ABOUT THIS TASK: Copy word for word the lines of the records below, beginning at the one with "Gesang in der Klosterkirche Kappel" and finishing at the one with "شاهزاده محمود میرزا", ends included, but none of the pictures.

Records from a dataset
# # # #

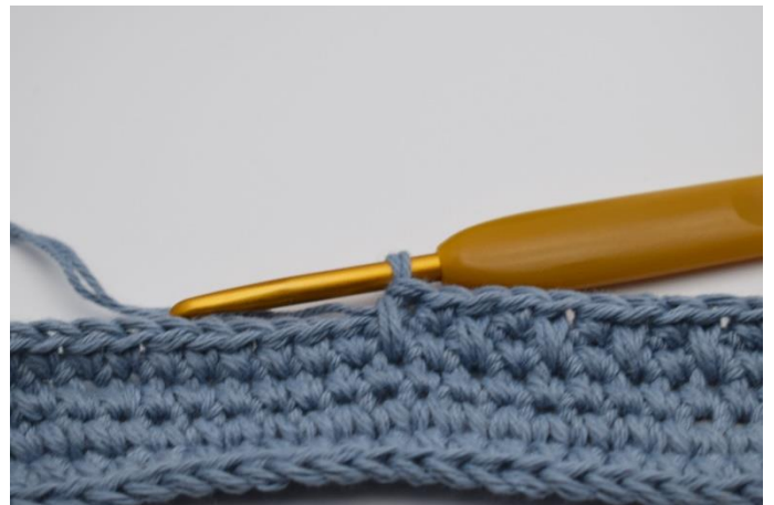
6. Genau so.
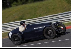
BNC 527 Montlhery 1929 DE - N°015
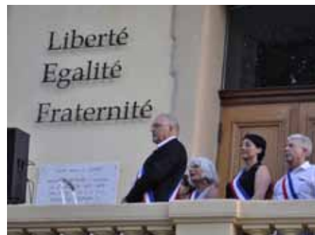
■ 13 juillet - Inauguration du fronton de la Mairie
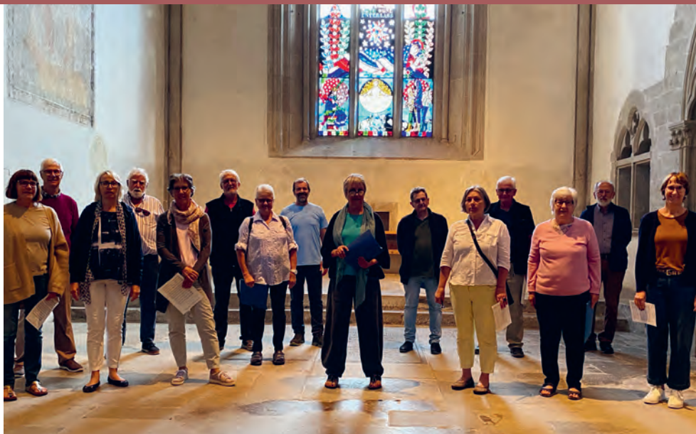
Gesang in der Klosterkirche Kappel
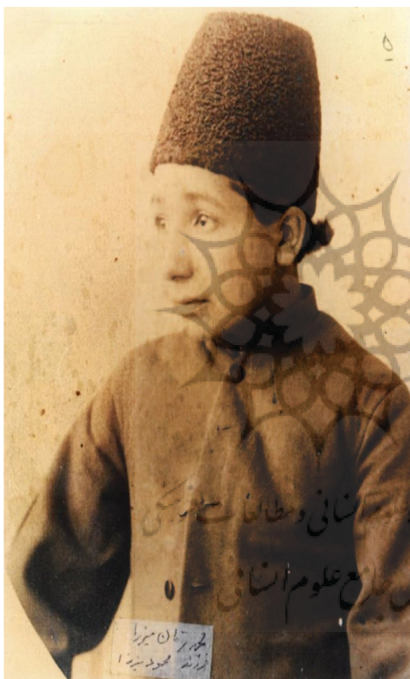
حاج محمد زمان میرزا

شاهزاده محمود میرزا ذوق و استعداد شاعری داشت و کتاب‌های متعددی از وی به جا مانده است، از قبیل!!!!!!المحمود، گلشن محمود، جهان محمود. دیوان محمود میرزا شامل مجموعه‌ای از سروده‌های شعرای زمان قاجاریه است. وی خدمات ارزنده‌ای به اهالی نهاوند و لرستان نموده که با مراجعه به تواریخ، صدق گفتار بنده روشن خواهد شد.
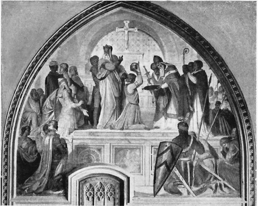
Alfred Rethel: König Ludwig des Frommen. (Ausgeführt von Josef Kehren.) Freskogemälde im Kaiserpal zu Aachen.

eine ganz lichte Färbung, feierliche Stillierung der Figuren und der Komposition nach den Vorbildern der alten Italiener; hier ein Schwelgen in dunkeln rotbraunen und braungelben Tönen mit hier und da nur lebhafteren Farbenakzenten, eine starke Bewegung von meist theatralischem Aufbau und Ausdruck, keine „göttliche Nacktheit“ oder antike Gewandung, sondern realistische Trachten, mittelalterliches Rüstzeug, flatternde
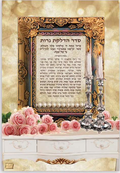
גודל התמונה: 20-30 ס"מ
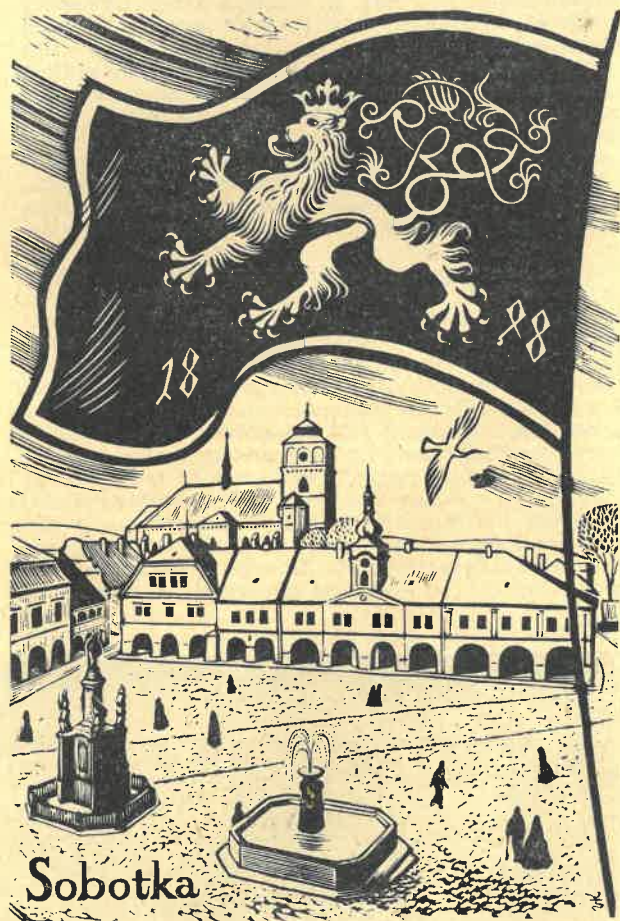
27. října až 17. listopadu se uskuteční v čítárně Střediskové knihovny v Sobotce výstava díla akad. malíře Vladimíra Kopeckého. Na vernisáži účinkuje Recitační studio Srámkova domu. Přinášíme reprodukcii jedné z posledních prací mladého umělce.

# # # #

WRITTEN SOLUTION:
Gesang in der Klosterkirche Kappel
حاج محمد زمان میرزا

شاهزاده محمود میرزا ذوق و استعداد شاعری داشت و کتاب‌های متعددی از وی به جا مانده است، از قبیل!!!!!!المحمود، گلشن محمود، جهان محمود. دیوان محمود میرزا شامل مجموعه‌ای از سروده‌های شعرای زمان قاجاریه است. وی خدمات ارزنده‌ای به اهالی نهاوند و لرستان نموده که با مراجعه به تواریخ، صدق گفتار بنده روشن خواهد شد.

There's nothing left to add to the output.